Late November should have seen the Chancellor announce his Autumn Budget and a Comprehensive Spending Review covering the next three financial years. Like many other plans, the uncertainty created by the pandemic has put both on hold. In their place was a ‘Financial Statement’, primarily addressing a one-year Spending Review.The highlights of the Financial Statement were as follows:
· No tax announcements, although the Chancellor noted that “we have a responsibility … to return to a sustainable fiscal position”.
· Government borrowing projected to be £394 billion in 2020/21 before stabilising at around £100 billion from 2023/24 onwards. Total debt to remain over 100% of GDP.
· The Office for Budget Responsibility (OBR) says that “a fiscal adjustment of £27 billion” will be needed as a minimum in the medium term.

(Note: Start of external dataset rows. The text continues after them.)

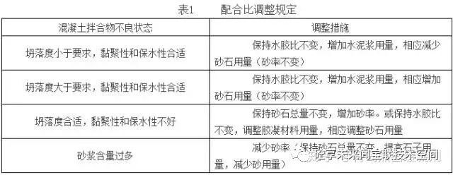 實(shí)際生產(chǎn)過程中,可根據(jù)需要調(diào)整混凝土配合比,但調(diào)整時要求: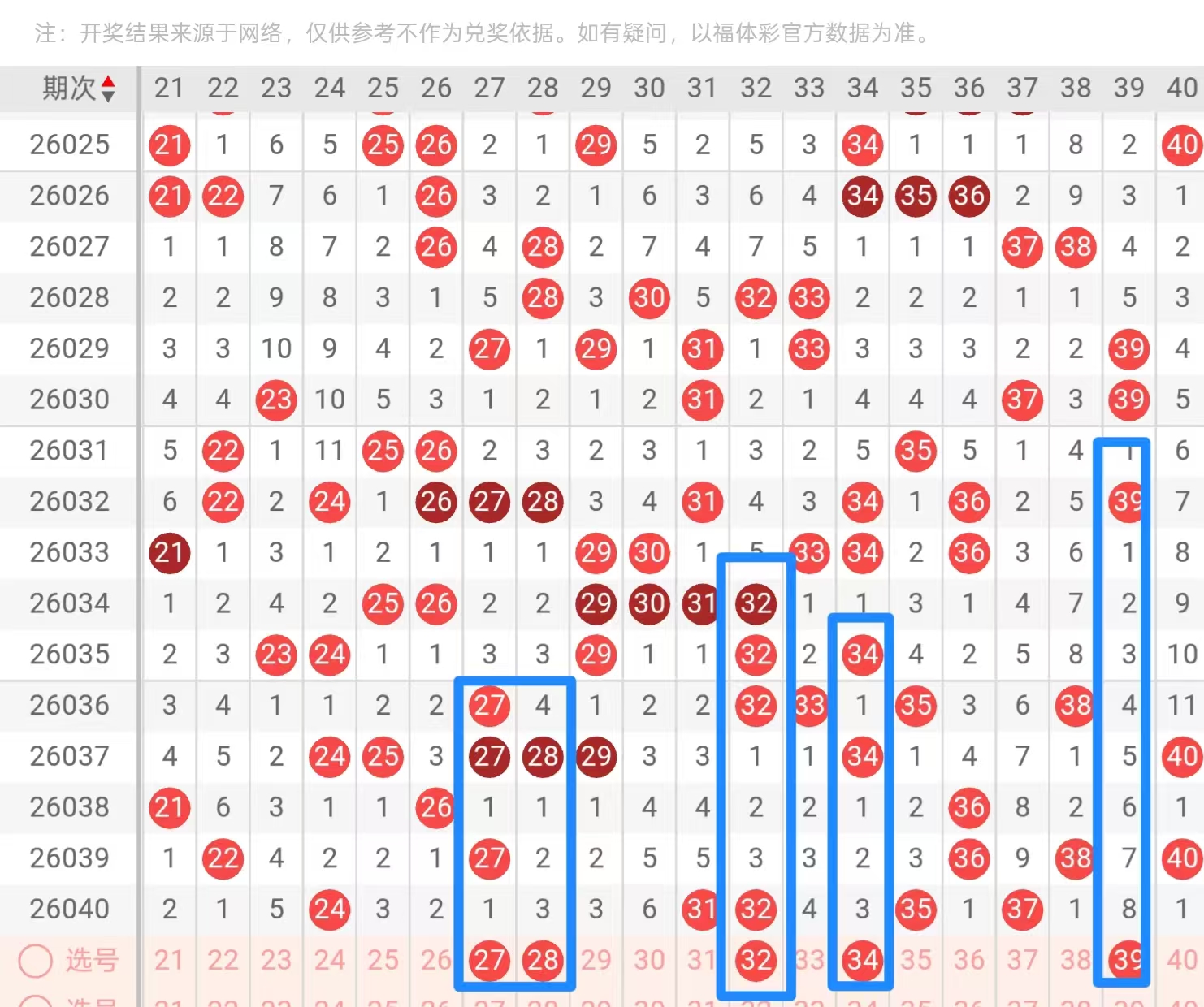 二区21—40: 上一期2字头只给到了24并且是孤码,那么它跟上面是反型的,按具体的思路点的话,不建议大家去考虑做重的,但是这种号码也并不能作为杀号去扔掉,正常来说的话,作为防守即可回到中间部位上面,在24 31的跨度里面最多咱们做到3码就行了,不排除以对子的形态去看这个带这个区间最少27和28,大家可以正常去选择,重点的话3字头上一期是热区间,如果大家觉得遇热打热的话,可以往这边的情况当中去靠的话还是可以参照形态去打重码的,32以及34的三斜连,尾部上面只需要去考虑39一码即可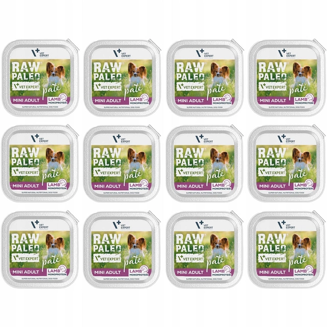 RAW PALEO PATE Mini Adult Jagnięcina to pełnoporcjowa, monobiałkowa mokra karma w formie delikatnego pasztetu, przeznaczona dla dorosłych psów ras małych (do 8 kg masy ciała). Bezzbożowa formuła oparta na jagnięcinie dostarcza niezbędnych składników odżywczych, wspierając zdrowie i kondycję psa.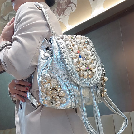 双肩包个性时尚铆钉链条大容量女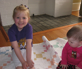 great food among the biggest) and one of them is getting off of work/school for the Mardi Gras "holiday." We decided to head up to Shreveport this year during our break to catch up with many of our old friends. Our first stop was to a double birthday party to celebrate King Hank Richard and Queen Audrey Welch as they turned 1! Aunt Katie came with us (she and I got to enjoy a very entertaining stroll along the parade route while Lucy slept in the stroller) and we all got to enjoy some king cake, jambalaya, and good beer.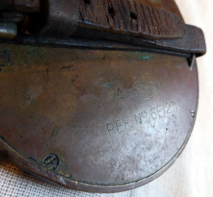 This is the rarer early version with a brass body. Later versions were made with bakelite. These are sometimes referred to as the 1932 pattern mirror - although they were not issued with the 1932 pattern Mae West. The nomenclature for 6E is 'Miscellaneous Instruments, Accessories and Unit Servicing Spares'. Made by J. & R.O. Ltd and dated 1939.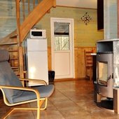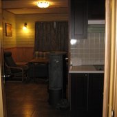 В бане комфортно могут находиться 5-6 человек. С уличной веранды можно окунуться в купель с холодной озерной водой, расположенной тут же у входа на веранду или пробежаться по тропинке 20 метров и нырнуть в озеро.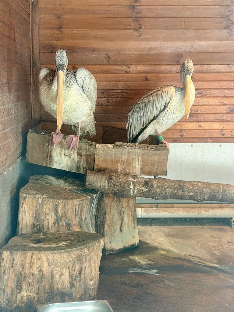 Przez szybkę zaglądamy do środka i widzimy dwa pelikany siedzące blisko siebie. Są lekko skulone, jakby chroniły się przed chłodem. W półmroku wyglądają spokojnie i ciężko, prawie jak rzeźby.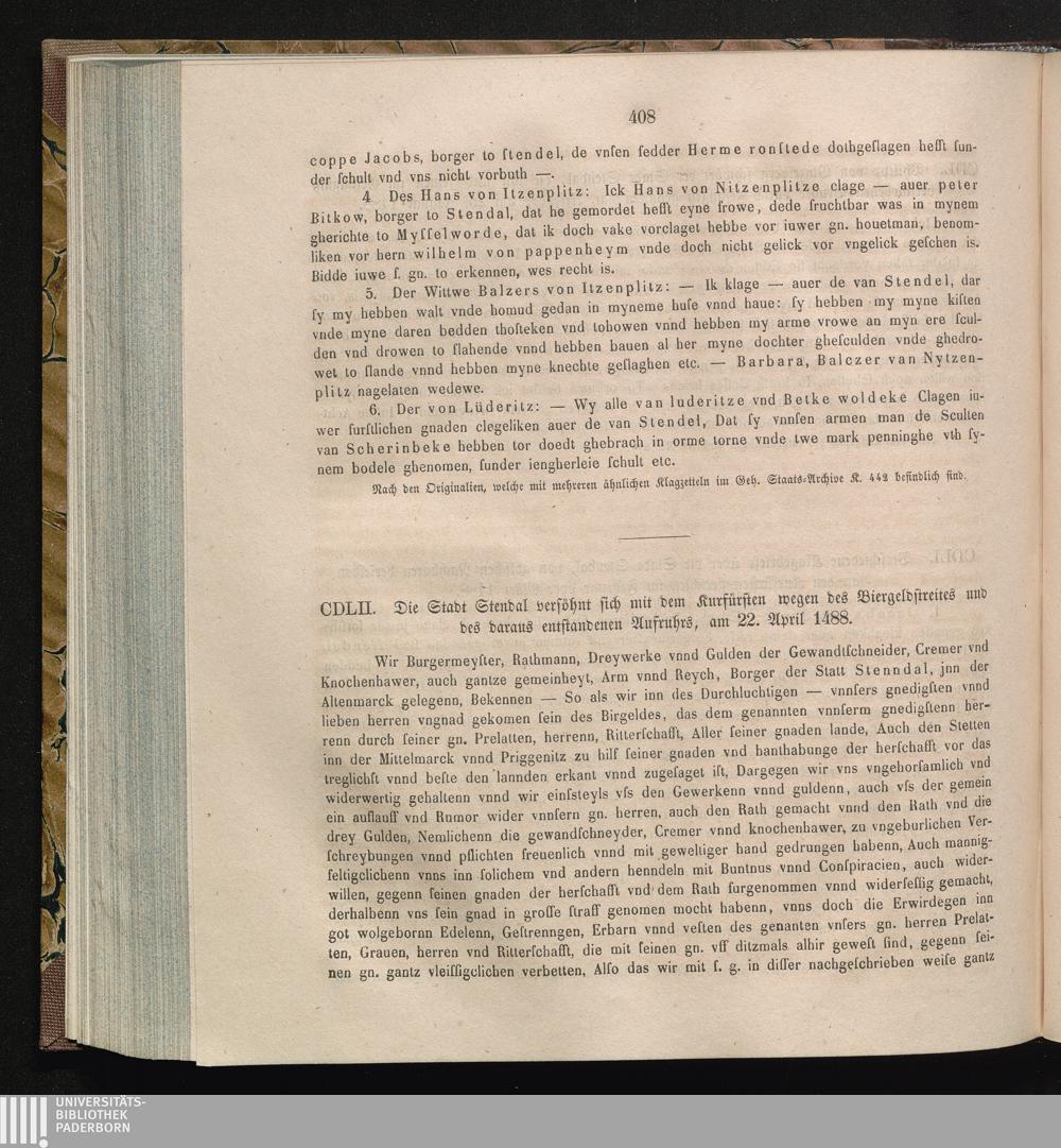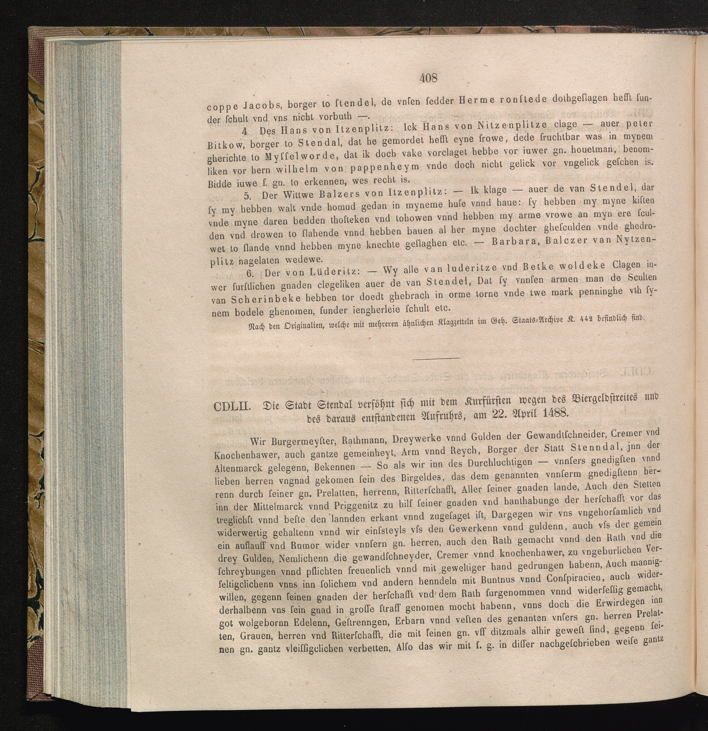 CDLII. Die Stadt Stendal versöhnt sich mit dem Kurfürsten wegen des Biergeldstreites[...]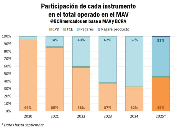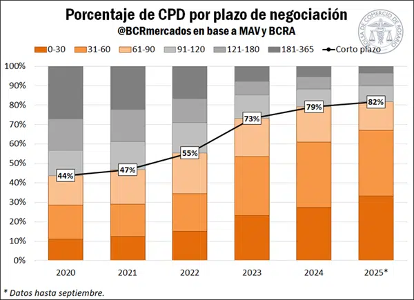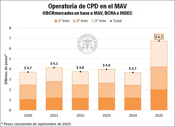 CPD: fueron los grandes protagonistas del año. Con $6,7 billones operados (+84% interanual), ganaron participación y en septiembre marcaron su propio récord con $1,1 billones negociados en un solo mes. Predominaron los plazos cortos (hasta 60 días), que representaron más del 67% de las operaciones.

· New UK Infrastructure Bank to be established in the north of England to start work in spring 2021.
· Public sector pay to be frozen for a year, other than for NHS employees and those earning less than £24,000 a year.
· National Living Wage to increase by 2.2% to £8.91 an hour from April 2021 and the minimum age at which it applies is reduced to 23.
Overseas aid to be cut from 0.7% of GDP to 0.5% in 2021.
For further information on the Financial Statement and what this could mean in terms of tax increases click on the link below.
Tax increases are inevitable but fortunately not in the short term, however future increases should be taken into consideration in your tax planning for the next few years.